Slowdown in soaring vegetable prices helps ease India inflation rate to 6.2 per cent

MUMBAI, India – India’s inflation eased in December as vegetable prices fell from the previous month, the government said Wednesday.

The fall in the inflation rate to 6.2 per cent could persuade the central bank to hold off from an interest rate hike this month, though the inflation is still far above its target of 4-5 per cent.

The latest inflation rate was down from 7.5 per cent in November.

Prices for vegetables dropped by 29.7 per cent in December from November, led by onions and potatoes, which had soared in cost in previous months. Still, vegetables overall cost 57.3 per cent more in December than they did a year earlier.

Fuel power costs were up 0.8 per cent over the previous month and the prices for manufactured products were flat.

Soaring inflation coupled with flagging economic growth has posed a dilemma for the Reserve Bank of India’s monetary policy, which is constrained in trying to spur the economy by lowering interest rates because it also wants to battle inflation — traditionally done by keeping interest rates high.

Higher prices for food and fuel, in particular, hurt the hundreds of millions of poor Indians living on less than $2 per day because they spend roughly half of their income on the staple items.

The central bank’s chief, Raghuram Rajan, has made battling inflation a priority since taking office last year and has hiked the key interest rate twice since September to its current 7.75 per cent.

However, Rajan last month decided to keep the interest rate unchanged, saying he believed food inflation would come down soon because of a favourable monsoon season, a prediction that seems to have been correct.

Food inflation in India is partially driven by harvests and also an inefficient distribution system that results in some 30 per cent of produce spoiling before reaching markets.

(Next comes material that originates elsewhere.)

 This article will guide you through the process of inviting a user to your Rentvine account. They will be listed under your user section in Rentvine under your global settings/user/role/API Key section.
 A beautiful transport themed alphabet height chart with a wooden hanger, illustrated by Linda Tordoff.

Rajan has been under pressure from some corners to freeze or even cut interest rates to try to revive stalling growth in India’s wider economy. Asia’s third-largest economy expanded by 4.8 per cent in the July-September quarter, far below the 8 per cent rate the country averaged a few years ago.

Some business leaders have argued that lower interest rates encourage businesses to borrow and invest and consumers to spend.

The Reserve Bank’s next policy meeting is Jan. 28.